*The data*
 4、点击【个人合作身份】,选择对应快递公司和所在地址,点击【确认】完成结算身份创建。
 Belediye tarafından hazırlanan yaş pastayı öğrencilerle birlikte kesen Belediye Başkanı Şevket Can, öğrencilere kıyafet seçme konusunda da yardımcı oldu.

==

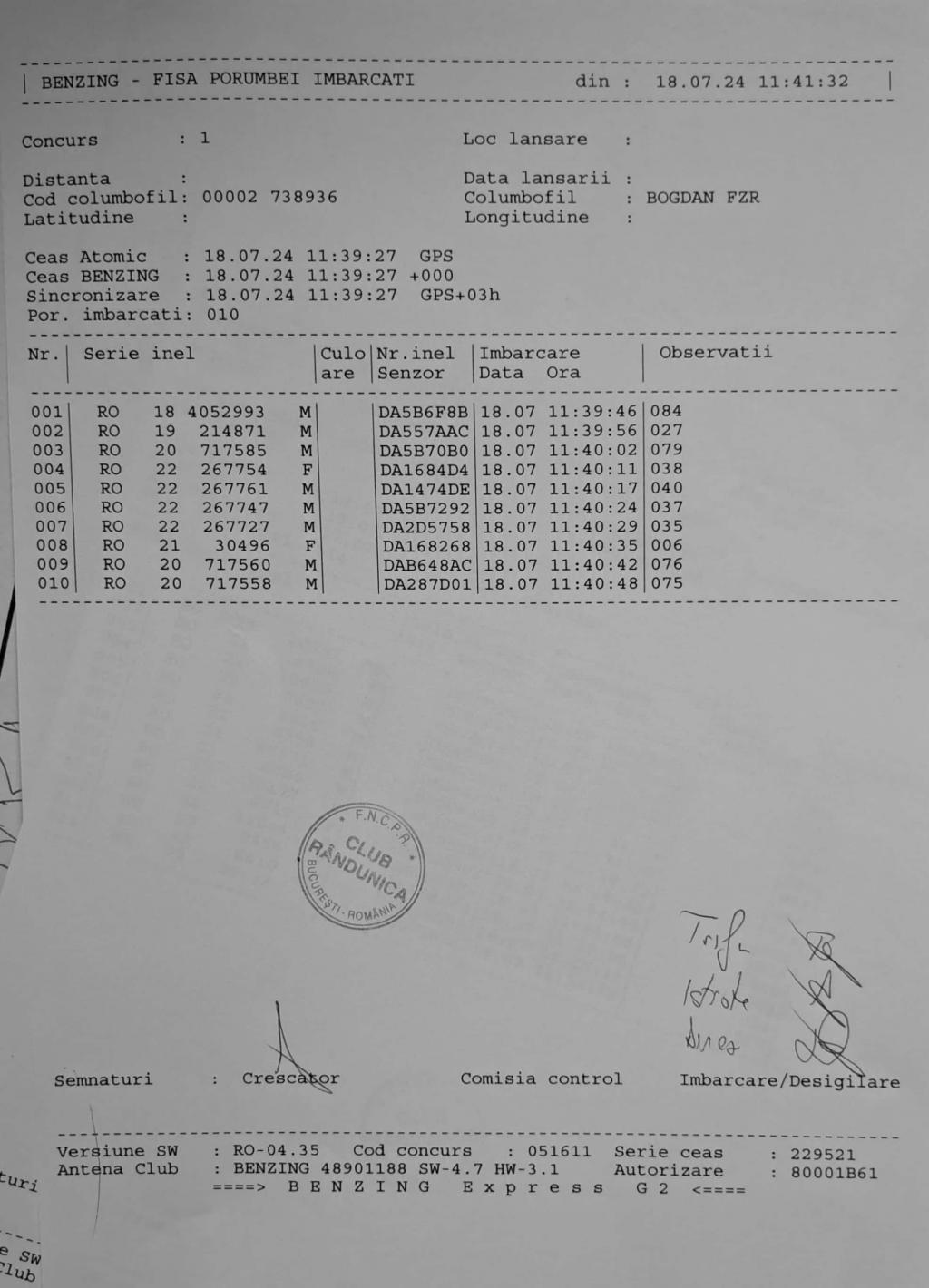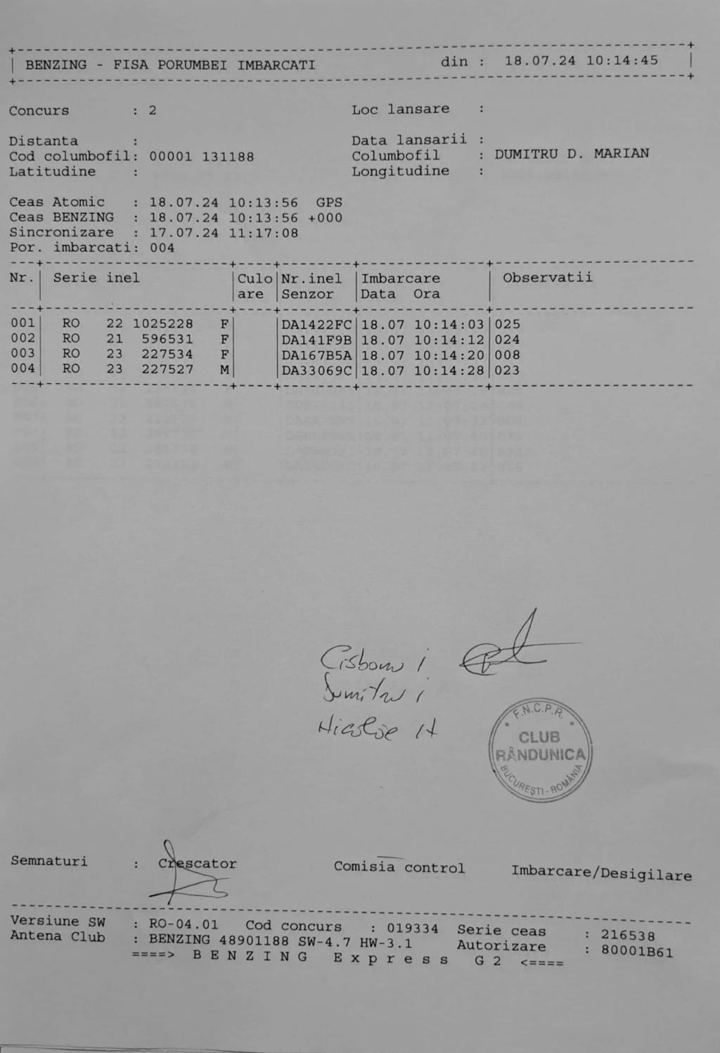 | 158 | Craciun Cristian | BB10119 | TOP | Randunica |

--

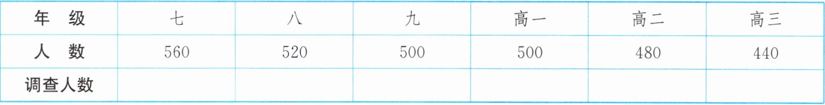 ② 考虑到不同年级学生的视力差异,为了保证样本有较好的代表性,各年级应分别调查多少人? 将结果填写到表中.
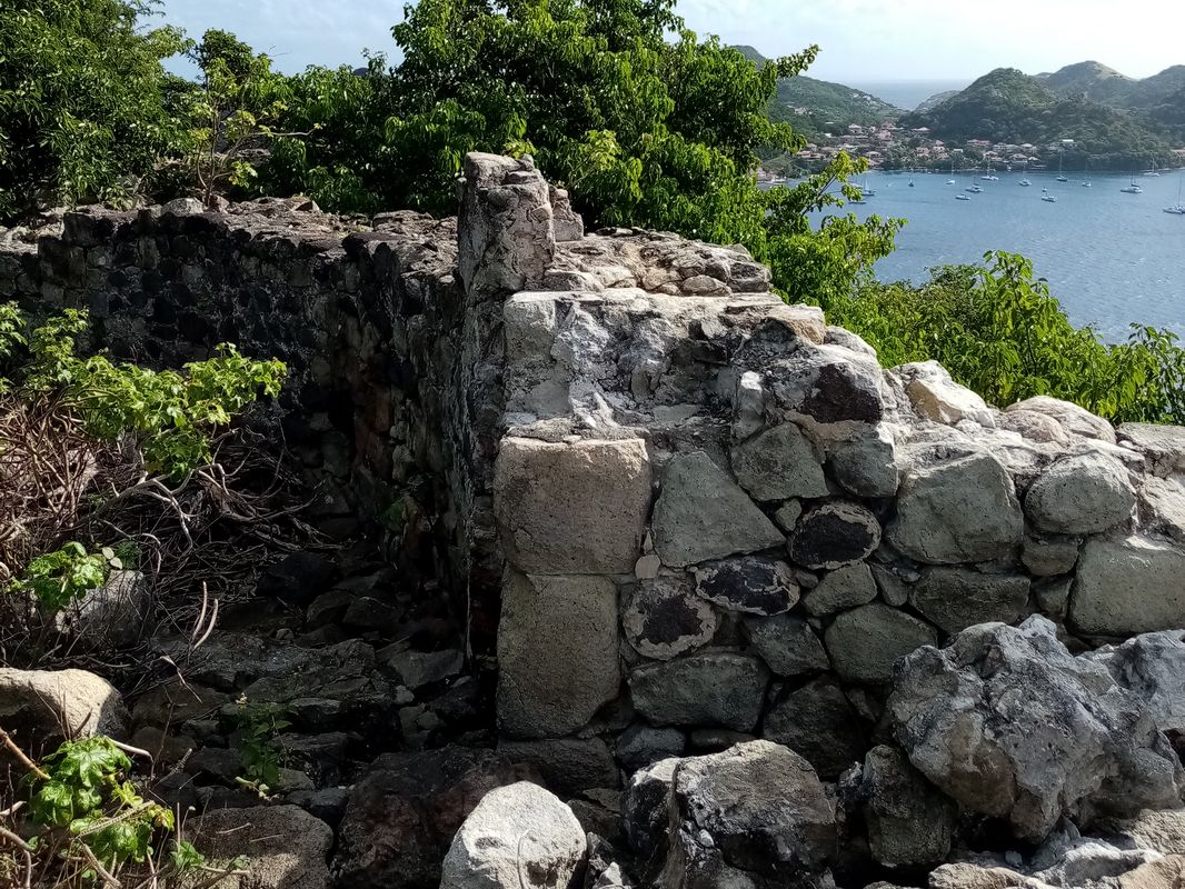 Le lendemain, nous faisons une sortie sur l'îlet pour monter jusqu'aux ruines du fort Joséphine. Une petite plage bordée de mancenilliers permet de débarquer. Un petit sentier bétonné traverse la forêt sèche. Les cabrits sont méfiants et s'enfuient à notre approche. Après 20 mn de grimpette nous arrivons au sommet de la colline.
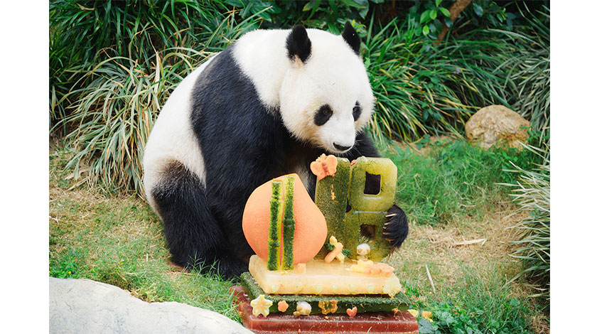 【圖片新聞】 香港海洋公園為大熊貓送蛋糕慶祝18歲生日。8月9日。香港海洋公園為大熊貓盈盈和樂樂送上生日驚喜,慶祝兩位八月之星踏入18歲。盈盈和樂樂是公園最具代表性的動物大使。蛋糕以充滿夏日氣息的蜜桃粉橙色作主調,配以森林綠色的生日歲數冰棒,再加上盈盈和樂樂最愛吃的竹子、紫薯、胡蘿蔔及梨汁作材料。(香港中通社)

*Work request*
Quote the data above from the line containing "4、点击【个人合作身份】,选" to the line containing "Belediye tarafından hazırlanan", inclusive, and stop.

*Finished exercise*
 4、点击【个人合作身份】,选择对应快递公司和所在地址,点击【确认】完成结算身份创建。
 Belediye tarafından hazırlanan yaş pastayı öğrencilerle birlikte kesen Belediye Başkanı Şevket Can, öğrencilere kıyafet seçme konusunda da yardımcı oldu.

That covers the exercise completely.